WebMock.disable_net_connect!(allow_localhost: true)
Remember that files in spec/support won’t get loaded unless you have the line in spec/rails_helper.rb uncommented that loads these files.
# spec/rails_helper.rb
# Make sure to uncomment this line
Dir[Rails.root.join('spec', 'support', '**', '*.rb')].sort.each { |f| require f }
Seeing the test fail
If we run our test again now that WebMock is installed, it will fail, saying “Real HTTP connections are disabled”. We also get some instructions on how to stub this request if we like. We’re not going to do that, though, because we’re going to use VCR instead.
Failures:
1) NPI search shows the physician's NPI number
Failure/Error: response = Net::HTTP.get_response(uri)
WebMock::NetConnectNotAllowedError:
Real HTTP connections are disabled.

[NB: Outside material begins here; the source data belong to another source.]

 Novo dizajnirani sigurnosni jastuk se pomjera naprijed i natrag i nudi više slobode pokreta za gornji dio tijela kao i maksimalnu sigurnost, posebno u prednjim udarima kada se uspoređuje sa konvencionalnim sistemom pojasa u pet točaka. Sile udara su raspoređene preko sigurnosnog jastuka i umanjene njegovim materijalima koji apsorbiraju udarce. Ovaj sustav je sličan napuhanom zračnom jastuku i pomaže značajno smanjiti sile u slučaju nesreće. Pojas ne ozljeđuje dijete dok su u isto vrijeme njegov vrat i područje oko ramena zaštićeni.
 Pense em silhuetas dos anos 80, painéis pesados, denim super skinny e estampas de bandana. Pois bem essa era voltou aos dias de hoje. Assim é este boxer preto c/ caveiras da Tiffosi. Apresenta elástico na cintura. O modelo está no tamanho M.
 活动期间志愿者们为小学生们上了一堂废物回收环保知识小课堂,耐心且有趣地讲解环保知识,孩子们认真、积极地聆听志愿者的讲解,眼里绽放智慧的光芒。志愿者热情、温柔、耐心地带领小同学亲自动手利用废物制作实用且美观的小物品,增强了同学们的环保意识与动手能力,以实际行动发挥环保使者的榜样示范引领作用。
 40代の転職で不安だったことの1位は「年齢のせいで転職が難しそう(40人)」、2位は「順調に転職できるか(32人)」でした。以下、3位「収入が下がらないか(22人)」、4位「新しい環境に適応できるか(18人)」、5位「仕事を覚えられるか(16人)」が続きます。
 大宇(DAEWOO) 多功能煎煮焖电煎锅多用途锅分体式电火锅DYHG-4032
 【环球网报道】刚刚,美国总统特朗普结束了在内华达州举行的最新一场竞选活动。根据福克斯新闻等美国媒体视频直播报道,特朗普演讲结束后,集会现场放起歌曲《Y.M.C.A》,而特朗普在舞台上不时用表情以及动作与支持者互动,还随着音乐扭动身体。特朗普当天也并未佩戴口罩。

Unregistered request: GET https://npiregistry.cms.hhs.gov/api/?address_purpose=&first_name=joel&last_name=fuhrman&version=2.1 with headers {'Accept'=>'*/*', 'Accept-Encoding'=>'gzip;q=1.0,deflate;q=0.6,identity;q=0.3', 'Host'=>'npiregistry.cms.hhs.gov', 'User-Agent'=>'Ruby'}
You can stub this request with the following snippet:
stub_request(:get, "https://npiregistry.cms.hhs.gov/api/?address_purpose=&first_name=joel&last_name=fuhrman&version=2.1").
with(
headers: {
'Accept'=>'*/*',
'Accept-Encoding'=>'gzip;q=1.0,deflate;q=0.6,identity;q=0.3',
'Host'=>'npiregistry.cms.hhs.gov',
'User-Agent'=>'Ruby'
}).
to_return(status: 200, body: "", headers: {})
============================================================
Installing and Configuring VCR
First we’ll add the vcr gem to our Gemfile.
# Gemfile
group :development, :test do
gem 'vcr'
end
Next we’ll add the following config file. I’ve added annotations so you can understand what each line is.
# spec/support/vcr.rb
VCR.configure do |c|
# This is the directory where VCR will store its "cassettes", i.e. its
# recorded HTTP interactions.
c.cassette_library_dir = "spec/cassettes"
# This line makes it so VCR and WebMock know how to talk to each other.
c.hook_into :webmock
# This line makes VCR ignore requests to localhost. This is necessary
# even if WebMock's allow_localhost is set to true.
c.ignore_localhost = true
# ChromeDriver will make requests to chromedriver.storage.googleapis.com
# to (I believe) check for updates. These requests will just show up as
# noise in our cassettes unless we tell VCR to ignore these requests.
c.ignore_hosts "chromedriver.storage.googleapis.com"
end
Adding VCR to our test
Now we can add VCR to our test by adding a block to it that starts with VCR.use_cassette "npi_search" do. The npi_search part is just arbitrary and tells VCR what to call our cassette.
# spec/system/npi_search_spec.rb
require "rails_helper"
RSpec.describe "NPI search", type: :system do
it "shows the physician's NPI number" do
VCR.use_cassette "npi_search" do # <---------------- add this
visit new_npi_search_path
fill_in "first_name", with: "joel"
fill_in "last_name", with: "fuhrman"
click_on "Search"
expect(page).to have_content("1386765287")
end
end
end
Last time we ran this test it failed because WebMock was blocking its HTTP request. If we run the test now, it will pass, because VCR and WebMock together are allowing the HTTP request to happen.
If we look in the spec/cassettes directory after running this test, we’ll see that there’s a new file there called npi_search.yml. Its contents look like the following.
Each time this test is run, VCR will ask, “Is there a cassette called npi_search?” If not, VCR will allow the HTTP request to go out, and a new cassette will be recorded for that HTTP request. If there is an existing cassette called npi_search, VCR will block the HTTP request and just use the recorded cassette in its place.
Takeaways
Tests should be deterministic. The passing or failing of a test should be determined by the content of the application code and nothing else.
We don’t want tests to be able to alter production data.
WebMock can police our app to stop it from making external network requests.
VCR can record our tests’ network interactions for playback later.